If you’re the Department of Veterans Affairs, you try and fire the guy. But it won’t be easy.
Okay, so here’s the story, out of a recent edition of the New York Post:
Valdo Vaher, 48, a retired Army sergeant and former lieutenant in the New York Guard, says the feds are using his belief in ghosts as an excuse to fire him. He was hired as a VA cop in 2006.
And he’s adamant about the fact that supernatural things are indeed running around his workplace,
“This seems strange to some people, but for religious Catholics like myself, many feel as I do about this — that there are spirits in the world and they sometimes show themselves and are more likely to be doing this in and around hospitals, where people suffer and die,” he told the Post.

‘Just like the old Soviet Union’?

The VA actually did fire Vaher at one point. But a judge reinstated him.

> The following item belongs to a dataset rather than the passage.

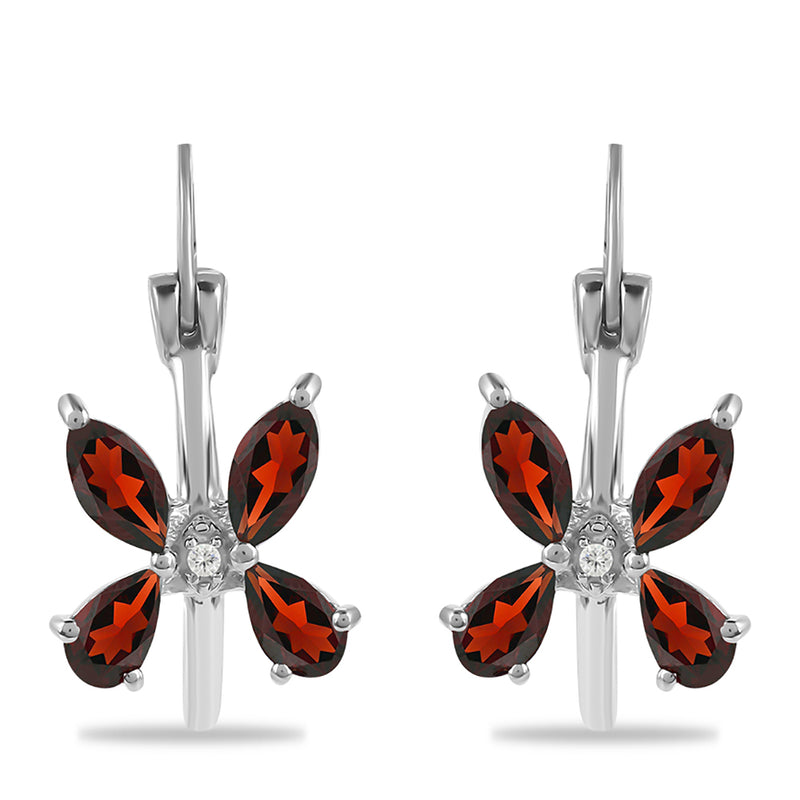 Stříbrné Náušnice s Bartonským Granátem a Bílým Topazem

Last February, the VA stripped him of his gun, placed him on modified duty and reassigned him for “making bizarre statements and displaying unusual behaviors,” according to a letter from VA Deputy Police Chief Bernais McNeil quoted by the Post.
Allegedly, Vaher told a rookie colleague about how their East Orange, NJ command was haunted by “evil spirits.”
Vaher vows to go down fighting, and his lawyer, Alan Wolin, is right by his side.
Wolin accused the VA of “using psychology as a weapon, just like in the old Soviet Union” and insists the agency doesn’t stand a ghost of a chance of winning its case against him, the Post reported.
“They’ve been targeting him since Day One,” he said. “The bottom line is that they tried and failed to fire him twice before and we’re extremely confident we’ll win again.”
So that’s where things stand at the moment. We’ll keep you posted.